The U.S. Fish and Wildlife Service has confirmed 1.6 million acres of mostly federal land in Washington are critical habitat for the marbled murrelet. The small, diving seabird, known as a “fog lark” to loggers, has been listed as threatened under the Endangered Species Act since 1992. Critical habitat for the bird was originally designated in 1996, then revised in 2011.

Ann Froschauer, public affairs supervisor at Washington’s office for the U.S. Fish and Wildlife Service said the agency has been reviewing the birds’ current critical habitat for the past year.

“We evaluated that previously-designated critical habitat against the new statutory definition, and we found that it did meet all of the things under the new definition,” she said.

The federally-designated marbled murrelet habitat includes seasonal habitat, and stretches nearly 3.7 million acres along the West Coast. According to the agency, there are about 7,500 marbled murrelets left in Washington.
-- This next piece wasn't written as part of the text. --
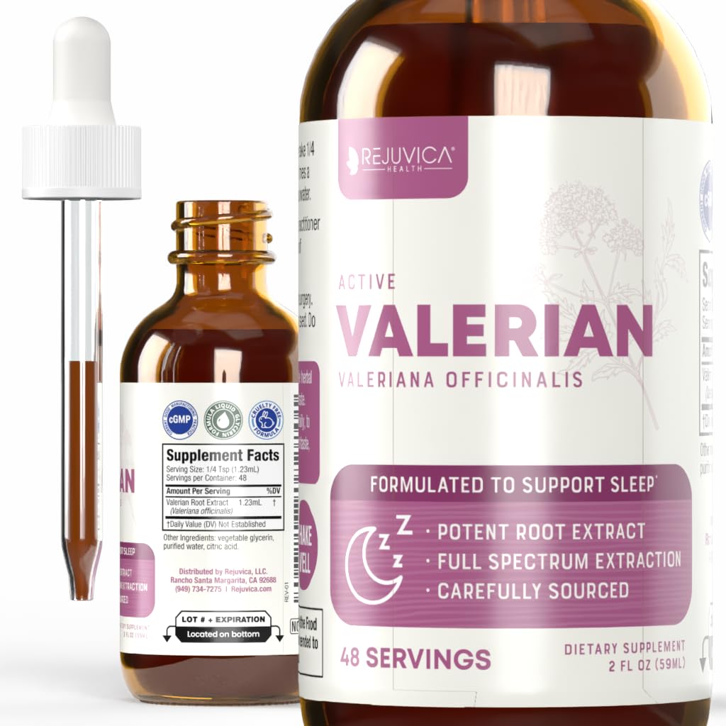 FITS MOST LIFESTYLES: Rejuvica's Valerian Extract is Non-GMO, Vegan, Made in a GMP Facility, Dairy Free, Nut Free, Gluten Wheat Free, Soy Corn Free, Sugar Free. Safe for ages one and up. ALCOHOL-FREE LIQUID FORMULA: Crafted with our advanced extraction process, our liquid formulas are brewed and macerated with an alcohol-free cold-extraction process. Most liquid formulas are made with a warm alcohol extraction that can burn the delicate ingredients and render them less effective. GREAT TASTING EASY TO USE! Our customers are amazed at how good this natural formula tastes, and it's as simple as squeezing a dropper on your tongue - no clumsy pills, no water necessary!. VALERIAN ROOT EXTRACT - We chose the highest quality valerian roots we could find, chock full of constituents and extracted it in a liquid remedy for sleep support!. MAY SUPPORT SLEEP - Active Valerian is the premier natural Valerian root supplement to help support sleep and get you back on the road to a healthier you!.

However, Shawn Cantrell, the Northwest director for Defenders of Wildlife, called the decision a mixed bag for the birds. On the one hand, he said it’s significant that Fish and Wildlife didn’t undo some of the previous gains made for the species. On the other hand …
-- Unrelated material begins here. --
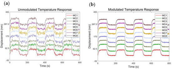 To further validate the effectiveness of the high–frequency modulation technique, tests were conducted in real–world measurement scenarios. Temperature variations were measured using a microcantilever beam system, and the results were compared with the previous data obtained by the research group using direct switching methods.

“We are disappointed that they didn’t take the opportunity to include additional habitat, some of the state and private lands as well as some of the marine areas,” he said. “It would have been valuable to see the Service include those as well.”

Cantrell said murrelets have been lost at higher rates on state land than federal land. He added the State of Washington is developing its own long-term habitat conservation plan for the marbled murrelet.
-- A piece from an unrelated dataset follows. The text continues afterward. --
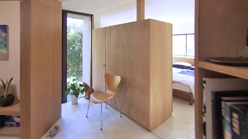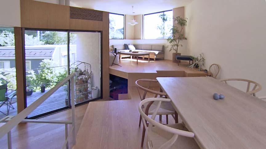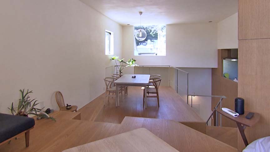 2階は3つの箱にによる3つの床レベルがあり、一番高い箱の上が居間、中間が食堂、一番低いのが台所となっています。台所のレベルにはバルコニーもあります。

The small birds need large, connected areas of forestland in order to provide a buffer between their nests and predators. Cantrell said logging operations can be a threat to the murrelet’s survival.

“Even if you maintain some of the habitat but you have logging roads winding up through or in between them, the quality of them is much less, because you have all this edge habitat where the predators are,” he explained.